5. Confirm your assessment and plan with your patient. I often review my patients’ medication and problem list with them (at least once) to ensure that they are aware of all of their diagnoses, and to make sure I haven’t missed anything. Sometimes a patient will have a condition (otherwise unmentioned in their record) that they treat with certain medications at home that they are not getting in the hospital. Errors of omission are not uncommon.
6. Sign out face-to-face or via phone whenever possible. These days people seem to be less and less eager to engage with each other face-to-face. Texting, emailing, and written sign-outs often substitute for face-to-face encounters. I try to remain “old school” about sign-outs because inevitably, something important comes up during the conversation that isn’t noted in the paper record. Things like, “Oh, and Mr. Smith tried to hit the nursing staff last night but he seems calmer now.” That’s something I want to know about so I can preempt new episodes, right nursing staff?
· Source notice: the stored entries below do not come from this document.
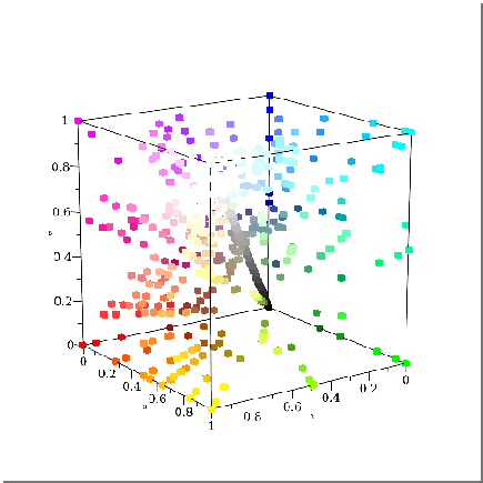 Exploreplots:-displayColorTools:-SpatterPlot3dColorTools:-GetPalettep,space=c,symbol=box,orientation=piecewisec=Laborc=Luv,172,12,145,55,75,0,view=piecewisec=RGBorc=HSV,0..1,0..1,0..1,c=xyY,0...0.7,0...0.7,0...1.0,default,default,default,projection=0.78,parameters=p=X11,HTML,Resene,Generic,CSS,Niagara,MapleV,OldPlots,Mono,label=Palette,c=RGB,HSV,Lab,Luv,xyY,label=`Color Space`,size=500,500,placement=bottom,orientation=vertical,fillcolor=#BCBCBC,componentbackground=#777777,title=Color Palette SpatterPlots
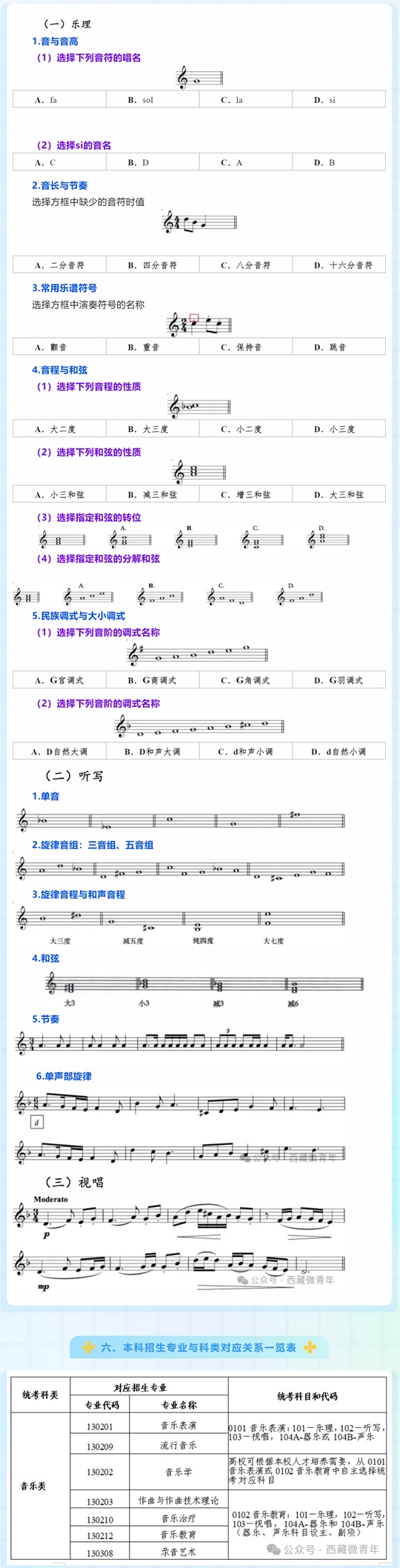 考试内容:音与音高、音长与节奏、常用乐谱符号、音程与和弦、民族调式与大小调式。
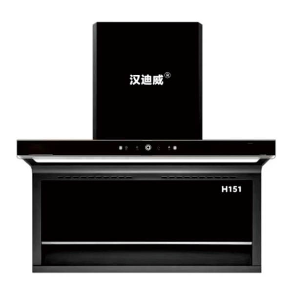 1、七字烟机,黑色烤漆箱体,顶侧双吸。
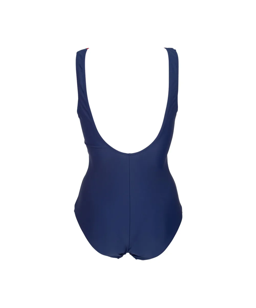 Klassisk badedragt med dyb udskæring på ryggen. Skålene er foret med bløde puder og er uden bøjle. Badetøj skal gerne sidde stramt, da det udvider sig ved brug. Husk altid at skylle badetøjet op i koldt vand efter brug. Materiale: 80% polyamid, 20% elastan.

7. Create a culture of carefulness. As uncomfortable as it is to confront peers who may not be as enthusiastic about detailed sign-outs as I am, I still take the initiative to get information from them when I come on service and make sure that I call them to provide them with a verbal sign-out when I’m leaving my patients in their hands. By modeling good sign offs, and demonstrating their utility by heading off problems at the pass, I find that other doctors generally appreciate the head’s up, and slowly adopt some of my strategies (at least when working with me). I have found that nurses are particularly good at learning to tell me everything (no matter how small it may seem at the time) and have heard time and again that things “just run so much more smoothly” when we communicate and even “over-communicate” when in doubt.
“The Devil is in the details.” This is more true at your local hospital than almost anywhere else. Reducing hospital error rates is possible with some good, old-fashioned verbal handoffs and a small dose of charting OCD. Let’s create a culture of carefulness, physicians, so we don’t get crushed with more top-down bureaucratic rules to solve this problem. We can fix this ourselves, I promise.